Последний пророк
Шрифт:
Выслушивает, кивает, словно соглашаясь. Затем открывает глаза, и в упор, как сразу из двух стволов, бьет мне в лицо невидимая картечь, заставляя отшатнуться:
— Неужели эти две колоссальные башни могли бы упасть, если бы не было на то воли Всемогущего?
— Но это софистика! — У меня перехватывает дыхание. Спазмы гнева, невыхаркнутые злые слова раздирают горло.
— Нет, не софистика. Когда ты просыпаешься утром и всем сердцем, всем разумом и телом вдруг понимаешь, знаешь, что Бог есть, ты начинаешь видеть мир по-другому.
Он налил себе в стаканчик остывшего чая, пригубил. Все такой же спокойный. Умудренный покоем или успокоенный мудростью. Седая холеная борода, темные зрачки прикрыты тяжелыми черепашьими веками. Темное лицо. Усталый. Ну кто он, кто же он?! О чем он думает? Как бы я дорого дал, чтобы прочитать сейчас его настоящие мысли… Меня ведь все равно не покидало ощущение спектакля. Продуманного до мелочей. Для будущего свидетеля в мире кафиров. Но отчего этот короткий разговор так вымотал меня? Почему я совершенно лишился сил, почему я постоянно ощущаю себя с ним на грани истерики? Какую власть он имеет надо мной? Почему я чувствую себя лягушкой, распятой на лабораторном столе, со вскрытым брюхом? Откуда это мерзкое, гадкое чувство, что он видит меня насквозь, читает, как открытую книгу, знает все мои тайны, знает обо мне нечто такое, чего я сам даже не знаю?.. Телепат? Экстрасенс?

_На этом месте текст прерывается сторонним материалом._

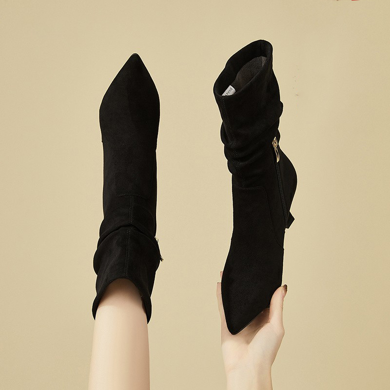 中筒靴女靴子秋冬季2025新款侧拉链尖头加绒短靴高跟鞋绒面堆堆靴

Изощренный, опытный психолог? Ведь он так говорит, так себя ведет, что правду от лжи отделить невозможно. Я критериев не чувствую, где правда, где ложь! Неуловимый, скользкий,
— Я попал в Афганистан, когда был еще совсем мальчишкой. Развратным щенком из богатой семьи. Мне хотелось развлечься на войне, поскольку все остальные развлечения уже наскучили. Но в первой же перестрелке я испытал такой ужас, что испугался за свой рассудок. Мне до сих пор стыдно за то, как я себя тогда вел. Но дороги назад уже не было. Мы наступали под Кандагаром. Кафиры одолевали нас. Тяжелые, ежедневные бои. Много раненых, еще больше — убитых. В одном из боев меня тяжело контузило. Я очнулся в горном ущелье… ночью… совершенно один. Не представляя, где нахожусь, где наш лагерь… Ущелье было завалено трупами. И я пошел… пошел вперед. Я сдался своей смерти. Я сказал: Аллах мой Бог, и пускай случится что предначертано. Страха больше не было, только покой… Бескрайний покой. Я переступал через мертвых и не чувствовал ничего, кроме нерушимой безмятежности. Как ребенок, который играет с бабочкой на зеленом лугу… К утру я вышел к своим. Муджахиды не узнали меня: моя голова поседела. Они пытались со мной заговорить, но я не разбирал их слов. Три дня я не ел и не пил, просто сидел, прислонившись к камню. Меня сочли сумасшедшим, меджнуном. А я все не мог расстаться с блаженством… Я оказался за пределами. Там, где лишь Бог и Его воля. Больше ничего… Это можно только пережить. Ты падаешь в колодец ужаса… летишь, летишь… и если у тебя хватит сил и мужества достичь самого дна, ты изменишься навеки. Я давно мертв, Искендер. Я погиб в том бою, под Кандагаром, в ущелье. Тот, кто сидит перед тобой, — совершенно другой человек… Я хочу научить людей не бояться смерти… ни своей, ни чужой. Я не чувствую вины и не скорблю о павших. Моя душа принадлежит. Аллаху, Ему одному. Когда я закрываю глаза, я вижу только свет, и ничего больше. Свет… Иди, Искендер…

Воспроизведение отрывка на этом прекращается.